-------- DATASET ENTRIES --------

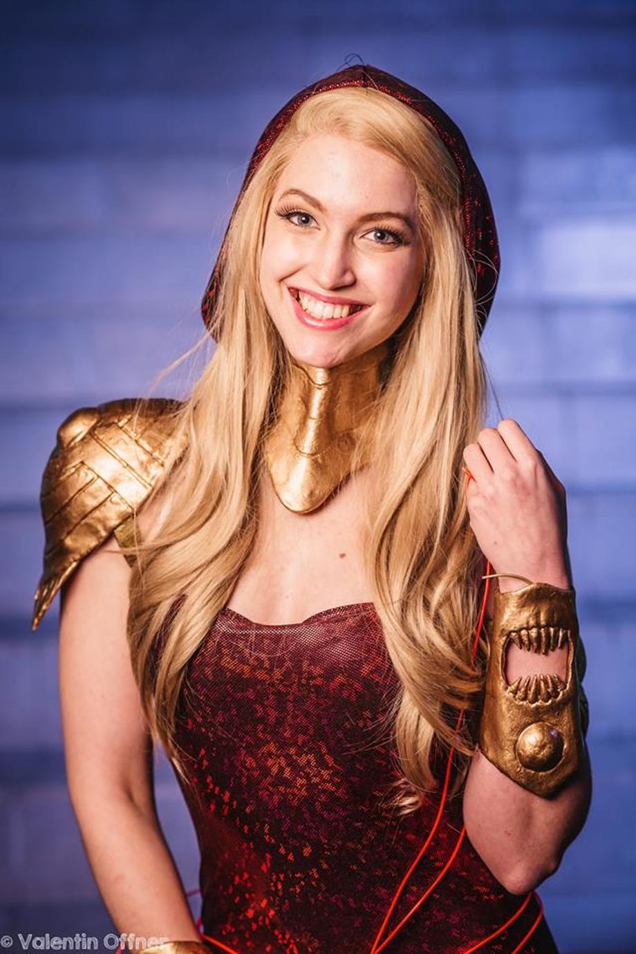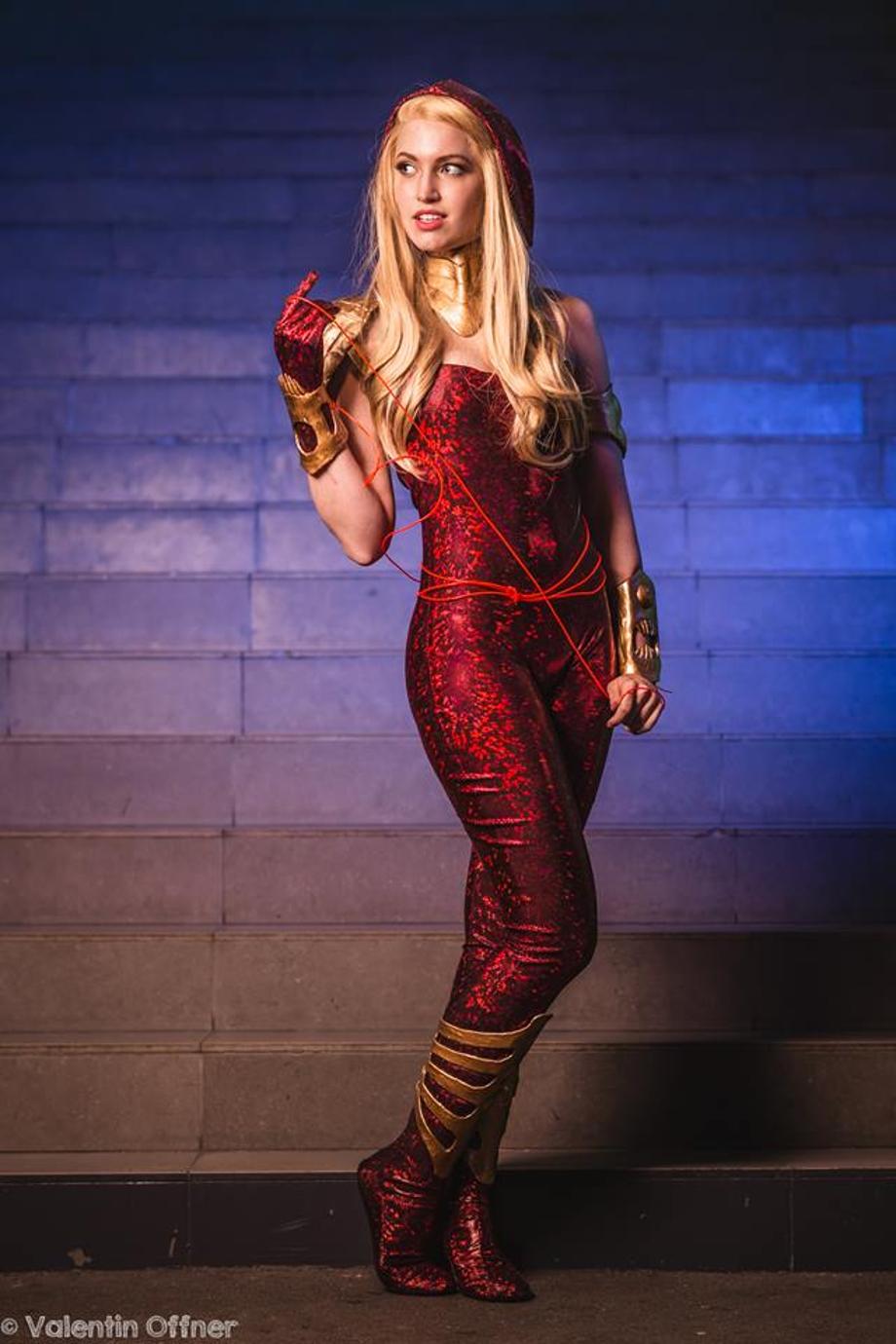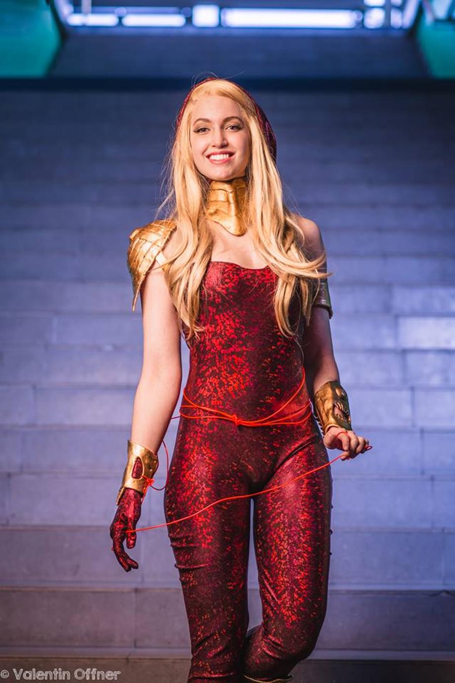 Very beautiful girl. Her Wonder Girl and Huntress suits are fantastic.
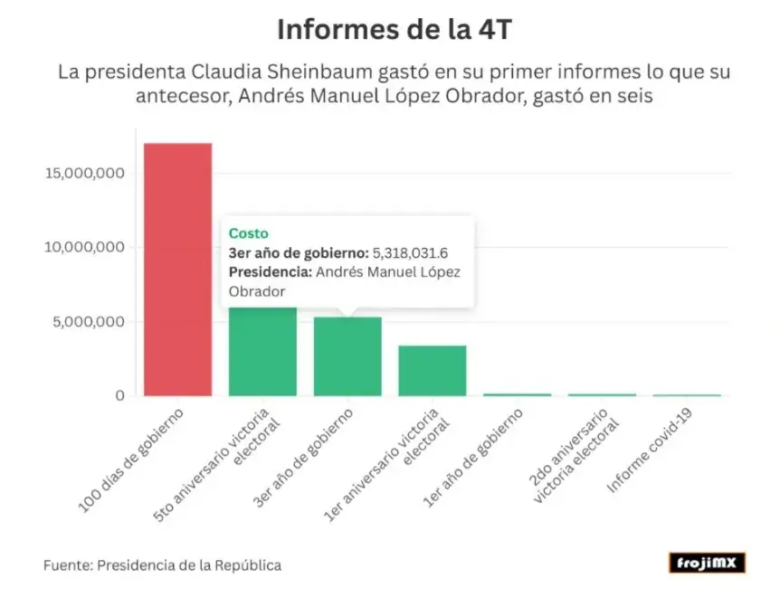 El costo de este informe que protagonizó Claudia Sheinbaum equivale a seis de los que hizo Andrés Manuel López Obrador durante su sexenio.
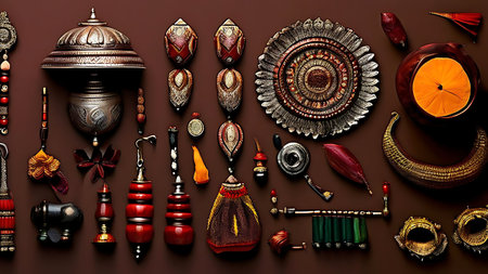A vibrant and detailed collection of traditional Indian cultural artifacts and decorative items, including intricate jewelry, musical instruments, and ceremonial objects, arranged artistically on a dark background.
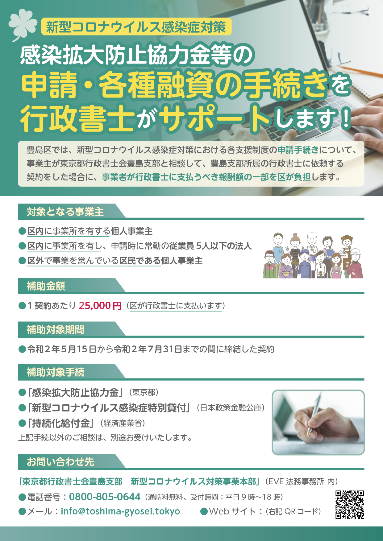 今回の対象となる事業者様は、豊島区に関連のある範囲に限られますが(添付告知チラシ参照)、新型コロナウイルスでお困りの事業者様は是非ご相談ください。電話0800-805-0644(平日9時~18時)です。
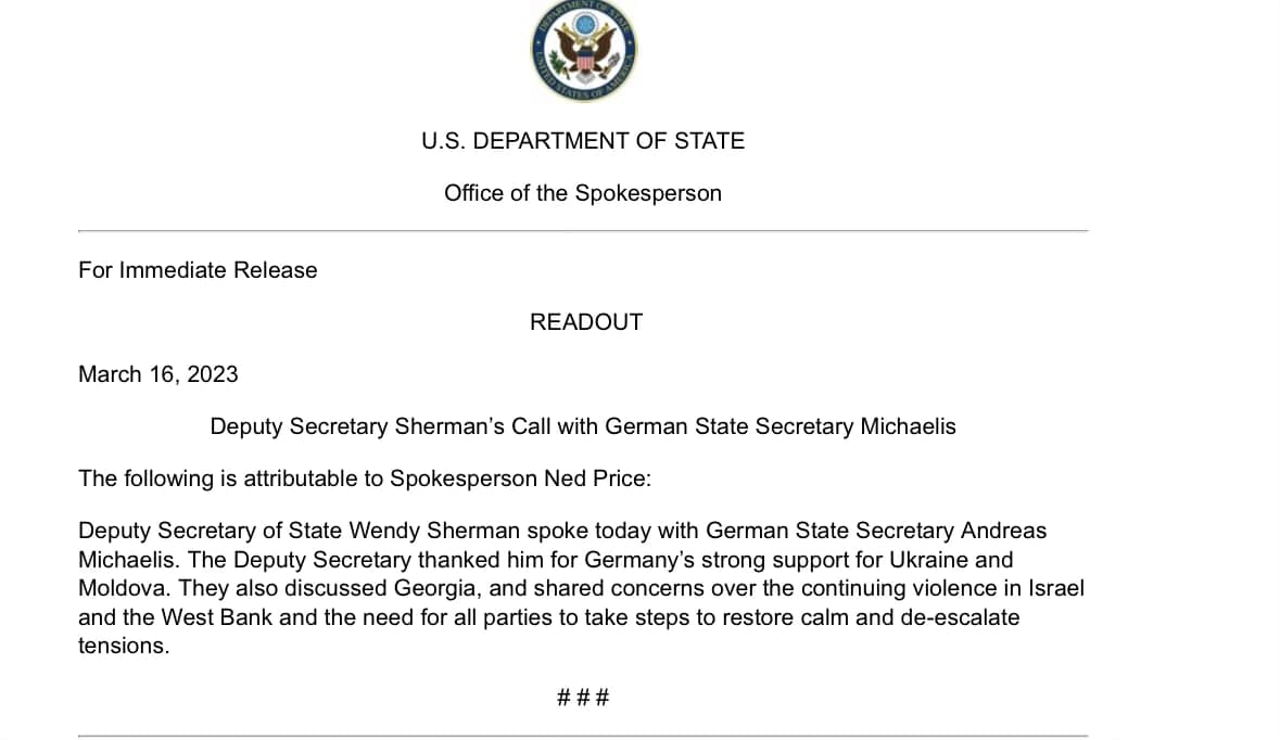 აშშ-ის სახელმწიფო მდივნის მოადგილე, ვენდი შერმანი, გერმანიის სახელმწიფო მდივანს, ანდრეას მიქაელს ესაუბრა. შეხვედრაზე საუბარი შეეხო საქართველოსაც. როგორც სახელმწიფო დეპარტამენტის პრესსპიკერის, ნედ პრაისის მიერ გავრცელებულ გაცხადებაში ვკითხულობთ: "შერმანმა მადლობა გადაუხადა ანდრეას მიქაელს გერმანიის მტკიცე მხარდაჭერისთვის უკრაინისა და მოლდოვას მიმართ.
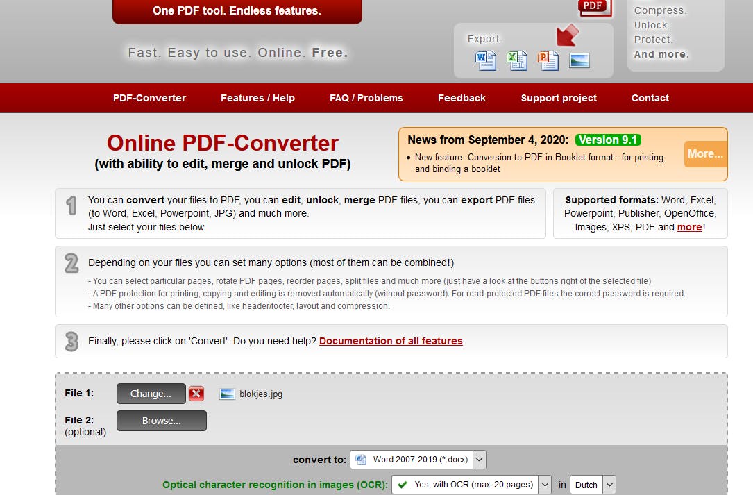 Om het vlot te laten verlopen, moet je hier twee instellingen aanpassen. Bij Convert to kies je het uitvoerformaat. Dat kan zijn Word 2007-2019, Word 2003, OpenDocument Tekst, ePub, maar ook een doorzoekbare pdf of een ander formaat. Wanneer je de Word-indeling selecteert, vraagt het online programma in welke taal het document is opgesteld. Hier kies je dus Dutch. Heb je nog een foto van een tweede, derde of volgende pagina’s dan herhaal je de instellingen. Tenslotte klik je op de rode knop Convert. De browser zal automatisch aangeven wanneer het geconverteerde document klaar is om te downloaden. Het resultaat is behoorlijk. De online converter heeft zelfs de kolommenstructuur behouden, het aantal ocr-foutjes is beperkt (maar zijn er wel) en zelfs de foto in het document is als een afzonderlijk bestand toegevoegd.

--------

Drop the images, then copy the data exactly.

 Very beautiful girl. Her Wonder Girl and Huntress suits are fantastic.
 El costo de este informe que protagonizó Claudia Sheinbaum equivale a seis de los que hizo Andrés Manuel López Obrador durante su sexenio.
A vibrant and detailed collection of traditional Indian cultural artifacts and decorative items, including intricate jewelry, musical instruments, and ceremonial objects, arranged artistically on a dark background.
 今回の対象となる事業者様は、豊島区に関連のある範囲に限られますが(添付告知チラシ参照)、新型コロナウイルスでお困りの事業者様は是非ご相談ください。電話0800-805-0644(平日9時~18時)です。
 აშშ-ის სახელმწიფო მდივნის მოადგილე, ვენდი შერმანი, გერმანიის სახელმწიფო მდივანს, ანდრეას მიქაელს ესაუბრა. შეხვედრაზე საუბარი შეეხო საქართველოსაც. როგორც სახელმწიფო დეპარტამენტის პრესსპიკერის, ნედ პრაისის მიერ გავრცელებულ გაცხადებაში ვკითხულობთ: "შერმანმა მადლობა გადაუხადა ანდრეას მიქაელს გერმანიის მტკიცე მხარდაჭერისთვის უკრაინისა და მოლდოვას მიმართ.
 Om het vlot te laten verlopen, moet je hier twee instellingen aanpassen. Bij Convert to kies je het uitvoerformaat. Dat kan zijn Word 2007-2019, Word 2003, OpenDocument Tekst, ePub, maar ook een doorzoekbare pdf of een ander formaat. Wanneer je de Word-indeling selecteert, vraagt het online programma in welke taal het document is opgesteld. Hier kies je dus Dutch. Heb je nog een foto van een tweede, derde of volgende pagina’s dan herhaal je de instellingen. Tenslotte klik je op de rode knop Convert. De browser zal automatisch aangeven wanneer het geconverteerde document klaar is om te downloaden. Het resultaat is behoorlijk. De online converter heeft zelfs de kolommenstructuur behouden, het aantal ocr-foutjes is beperkt (maar zijn er wel) en zelfs de foto in het document is als een afzonderlijk bestand toegevoegd.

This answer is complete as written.